*Required work*: What are the lines from the one containing "Predĺžené saténové obliečky" through the end of the listing below? Return them exactly, and only them.

*Exercise material*:
--*--
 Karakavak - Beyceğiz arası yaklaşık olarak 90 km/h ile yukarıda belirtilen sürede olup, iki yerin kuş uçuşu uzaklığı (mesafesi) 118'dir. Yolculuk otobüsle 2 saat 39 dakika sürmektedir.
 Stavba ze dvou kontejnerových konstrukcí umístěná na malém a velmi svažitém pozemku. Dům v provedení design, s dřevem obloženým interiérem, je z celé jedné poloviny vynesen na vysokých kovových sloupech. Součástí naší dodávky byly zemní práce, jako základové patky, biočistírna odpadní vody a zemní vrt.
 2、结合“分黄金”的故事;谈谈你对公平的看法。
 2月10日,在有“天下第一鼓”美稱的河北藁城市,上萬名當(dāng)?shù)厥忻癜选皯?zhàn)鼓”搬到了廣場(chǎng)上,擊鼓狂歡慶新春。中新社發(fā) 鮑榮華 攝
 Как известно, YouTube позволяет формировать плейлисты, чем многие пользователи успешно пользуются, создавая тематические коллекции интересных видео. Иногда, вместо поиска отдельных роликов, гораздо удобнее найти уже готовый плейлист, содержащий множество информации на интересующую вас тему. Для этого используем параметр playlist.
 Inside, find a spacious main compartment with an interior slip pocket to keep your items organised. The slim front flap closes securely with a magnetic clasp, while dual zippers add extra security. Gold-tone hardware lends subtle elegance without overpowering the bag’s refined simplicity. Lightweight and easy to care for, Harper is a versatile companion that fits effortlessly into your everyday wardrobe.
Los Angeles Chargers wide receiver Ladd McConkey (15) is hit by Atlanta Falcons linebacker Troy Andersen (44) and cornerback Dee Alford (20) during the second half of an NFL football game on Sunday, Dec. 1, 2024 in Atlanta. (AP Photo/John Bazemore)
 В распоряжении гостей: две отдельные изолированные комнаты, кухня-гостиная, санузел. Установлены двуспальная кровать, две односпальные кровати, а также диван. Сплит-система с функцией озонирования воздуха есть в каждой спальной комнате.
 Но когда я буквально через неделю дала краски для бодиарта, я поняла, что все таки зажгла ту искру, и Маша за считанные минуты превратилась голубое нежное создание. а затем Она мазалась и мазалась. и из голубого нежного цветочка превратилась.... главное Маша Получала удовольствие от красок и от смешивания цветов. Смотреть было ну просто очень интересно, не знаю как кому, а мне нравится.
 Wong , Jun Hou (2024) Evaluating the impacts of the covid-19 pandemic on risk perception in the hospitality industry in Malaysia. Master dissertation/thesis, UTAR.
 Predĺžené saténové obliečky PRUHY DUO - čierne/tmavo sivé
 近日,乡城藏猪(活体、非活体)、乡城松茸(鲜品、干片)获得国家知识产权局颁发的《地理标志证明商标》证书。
--*--
*Written solution*:
 Predĺžené saténové obliečky PRUHY DUO - čierne/tmavo sivé
 近日,乡城藏猪(活体、非活体)、乡城松茸(鲜品、干片)获得国家知识产权局颁发的《地理标志证明商标》证书。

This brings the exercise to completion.